Возможно, они бы хотели вернуться. Но уже не могли – у них не было сил. Новая жизнь – симпатичные тележки в супермаркетах, полупустые автобусы с плюшевыми сиденьями и улыбчивыми пассажирами, раздельные урны для органического и неорганического мусора, непонятная немецкая речь и вежливые кассиры – эта жизнь как-то сразу заставила их съежиться, придавила, превратила в нелепых и жалких старичков.

В последний раз я видела их год назад. Папа, совсем седой, сутулый, суетливый, болтливый, нарезал мне в тарелочку бананы и сникерсы. Я отказывалась. Он упирался. Говорил: «Сначала попробуй, а потом уже говори нет». У него сильно тряслись руки. Правая дужка его очков была обмотана коричневой изолентой. Мама, в дурацком зеленом костюме с распродажи, с непривычно короткой стрижкой, с непривычно пустыми глазами, рассеянно и не к месту улыбалась и показывала фотографии каких-то совершенно неизвестных мне дальних родственников, живущих теперь в Баварии. Я приехала к ним на пятнадцать дней, но улетела через неделю. Сказала, что в Москве у меня срочная съемка. Не выдержала этого дикого сочетания острой жалости и мертвенной скуки.
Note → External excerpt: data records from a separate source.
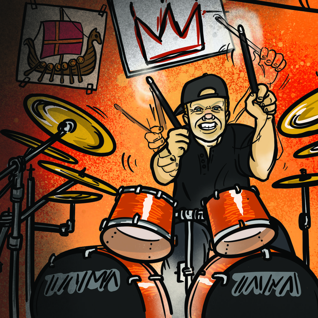 Upoznajemo i svakog od članova benda. Slovo C je rezervirano za Cliffa Burtona, bivšeg bas-gitarista zvanog “Major Rager”. Svirkom bi hipnotizirao publiku, od glave do pete odjeven u traper, a zaštitni znak bila mu je crvena griva kojom je silovito mlatio dok bi svirao. Ime mu je upisano uz najveće glazbenike povijesti glazbe. Uz J je James Hetfield, vokal, gitarist i osnivač benda. Na ilustraciji je u starom automobilu što nam otkriva njegov hobi – kolekcionarstvo. James, naime, skuplja i obnavlja stare modele automobila poput Zephyra, Roadstera i Packarda... Njegov metal je očito žestok, bilo da je u pitanju glazba ili stroj. U oba slučaja vrijedi što glasnije, što brže.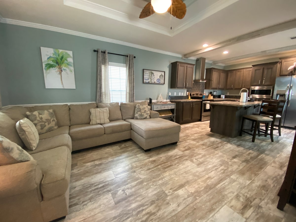 Location, location. Six houses from headwaters of springs. Private suite on the first floor of a new 3story home directly on river. Take a swim, in the crystal clear year round 72deg water. River & dock are right outside your door. Launch your kayak or ours. Visit Rainbow Springs St Pk a quick row up river. Enjoy a float or snorkel trip. Snorkel gear provided. Mini kitchen with refigerator, microwave, toaster, sink, and Keurig coffee pot. Large bar area for dining or work area.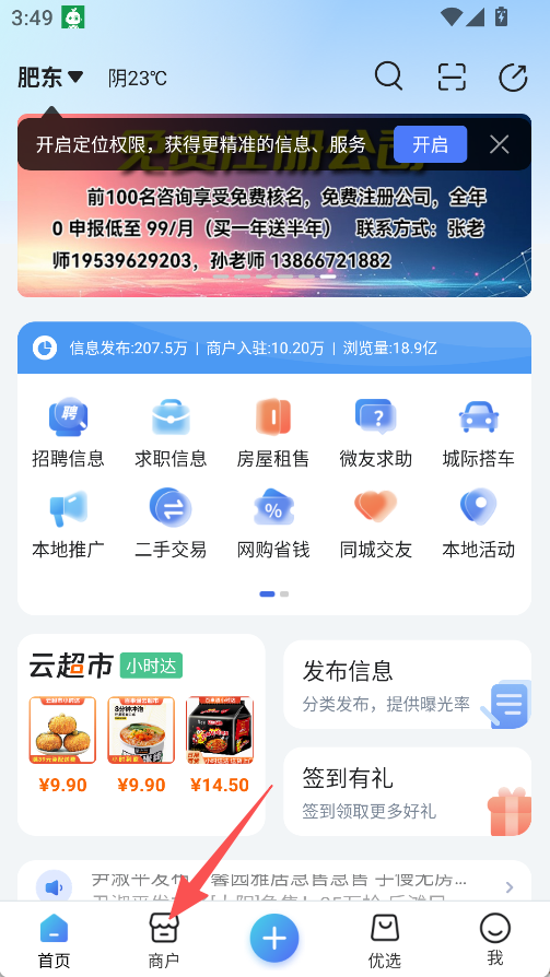 3、提供本地信息获取功能,通过各服务板块与商户查询,获取贴合本地场景的招聘、租售、商户等信息。

Теперь мне очень хотелось увидеть их…

Где-то минут за сорок до Кельна я, наконец, решилась. Я скрутила себе самокрутку, прошла в соседний вагон – для курящих, – выкурила ее там, скрутила еще одну, выкурила, вернулась в свой вагон, зашла в маленький опрятный сортир, закашлялась, сплюнула зеленую гадость в белоснежную раковину, а потом подняла голову и посмотрела на себя в зеркало.

Я еще ни разу не смотрелась в зеркало с тех пор, как увидела свое отражение там, в гостинице.

Я не закричала.

Я только подумала, что пора бы уже перестать думать о себе в первом лице. Думать о себе – «я». Потому что это не я.

В зеркале перед собой я увидела отталкивающего вида мужчину. Лет сорока. Очень грязного и уставшего. Его одутловатое, опухшее, с резкими чертами лицо покрывала многодневная черно-седая щетина. Маленькие темно-карие глазки, угнездившиеся по обе стороны переносицы, были больными и злыми. Нос шелушился. Кожа – довольно смуглая. Черные, жирные, проволочно-курчавые волосы с редкими вкраплениями седины сползали, извиваясь, по шее и скрывались за грязным воротником.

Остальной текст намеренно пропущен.